Wer es mit der Aufarbeitung der Familiengeschichte ernst meint, muss weiterfragen. Welche weiteren Unterlagen sind im Bundesarchiv oder in den anderen Staatsarchiven überliefert, die das Bild klären helfen? Wer diesen Weg bislang noch nicht selbst gegangen ist, möge eine der zahlreichen familienbiografischen Veröffentlichungen der letzten Jahre zu Rate ziehen oder die im Januar dieses Jahres publizierte Miniserie des ZDF »German Guilt« anschauen, die eindrücklich vermitteln, dass die Arbeit an der Familiengeschichte tatsächlich oft mühevolle Arbeit am Detail ist und einen langen Atem erfordert. Bei dieser Arbeit können und wollen das Bundesarchiv und die Staatsarchive der Länder wichtige Unterstützung bieten, übernehmen können sie die Arbeit allerdings nicht.
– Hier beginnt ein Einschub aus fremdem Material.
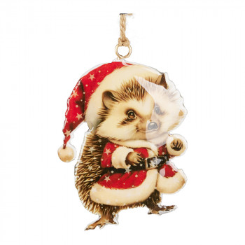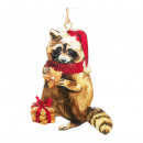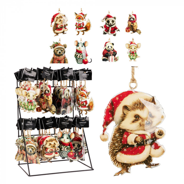 Fémből készült, függeszthető, karácsonyi sapkás állatokat ábrázoló dísz 8 különböző modellben: mosómedve, panda, borz, róka, süni, egérke,medve és hörcsög.
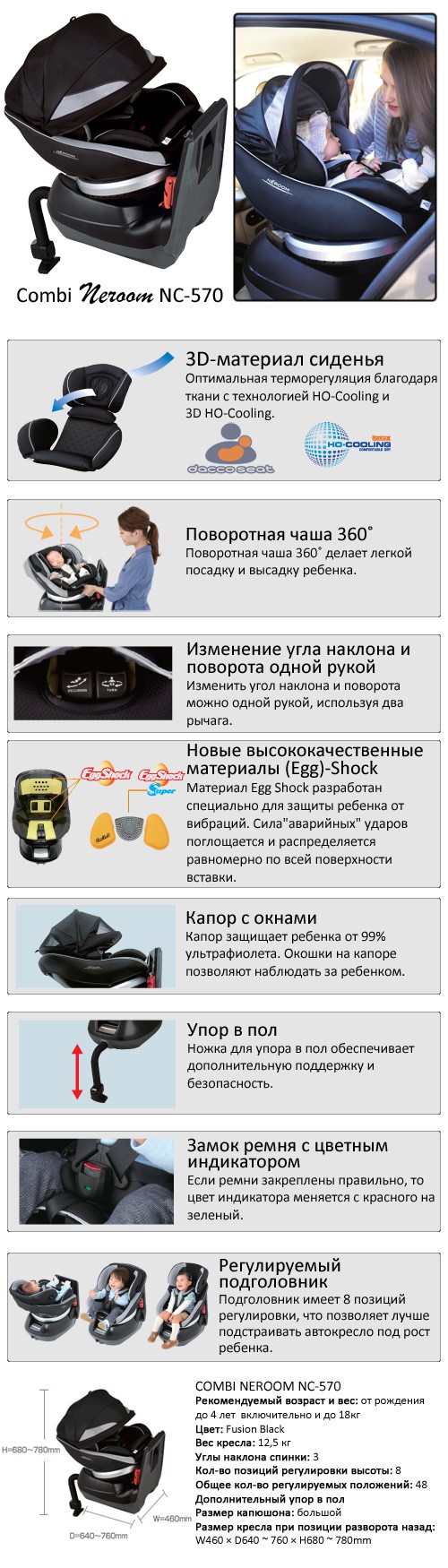 Для своего ребенка родители хотят только лучшего и к выбору детских товаров подходят с особой тщательностью. Не последнюю роль в выборе детского автокресла играет имя производителя, которое само по себе является определенным гарантом качества. Японская компания Combi на рынке детских товаров более пятидесяти лет, ее можно назвать одним из самых опытных и надежных производителей. Продукция этого бренда обладает традиционно высоким японским качеством, отличается инновационностью и высочайшим комфортом в использовании. Автокресло Neroom NC-570 Fusion Black предназначено для самых маленьких пассажиров, от рождения до 4 лет (18 кг). Эта модель действительно инновационная, поскольку, в отличие от других моделей, положение спинки регулируется не только по ходу движения, но и когда кресло установлено против хода (для детей от рождения до года).
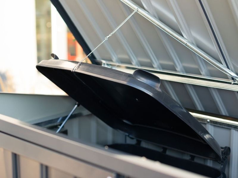 A box gázrugókkal van felszerelve a fedél biztonságos és kényelmes nyitásához. Az integrált láncok segítségével a szemetesek fedele együtt nyílik a box fedelével. Az extra széles, kétszárnyú ajtók (150 × 127 cm) megkönnyítik a hozzáférést és a kukák kihúzását.
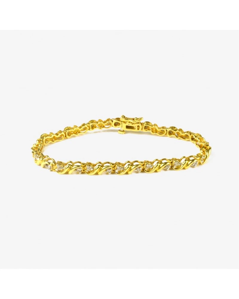 Pulsera de oro amarillo de 18 kilates con diamantes. Tiene 30 diamantes de 2 mm engastados con garras de oro blanco. 14 gramos de oro

Im März 2026 hat die NARA bekannt gegeben, dass sie die Mikrofilme der NSDAP-Mitgliederkartei digitalisiert und zur freien Recherche online gestellt hat. Zunächst hat die »Zeit«, später haben auch der »Spiegel« und die »Süddeutsche Zeitung« die nicht leicht nutzbaren Digitalisate mithilfe modernster KI-Technik bequem und einfach recherchierbar gemacht. Obwohl die Kartei bis dahin schon benutzbar war und vielfach genutzt wurde, gewann die Frage nach der NSDAP-Mitgliedschaft von Eltern, Großeltern und anderen engen Verwandten in den Augen vieler Menschen eine völlig neue Aktualität. Wer bislang kein Interesse an dieser Frage gehabt oder den Aufwand einer Anfrage beim Bundesarchiv gescheut hatte, sieht sich nun herausgefordert, angesichts der niedrigen Zugangsschwelle doch »die Frage« zu stellen. Aber auch hier gilt: Wer es mit der Frage ernst meint, steht nun eigentlich erst am Anfang. Der sprunghafte Anstieg der entsprechenden Anfragen an das Bundesarchiv seit April 2026 zeigt, dass viele Menschen bereit sind, diese Herausforderung anzunehmen. Und es steht zu hoffen, dass diese neue Aufmerksamkeit für die Geschichte des Nationalsozialismus anhält.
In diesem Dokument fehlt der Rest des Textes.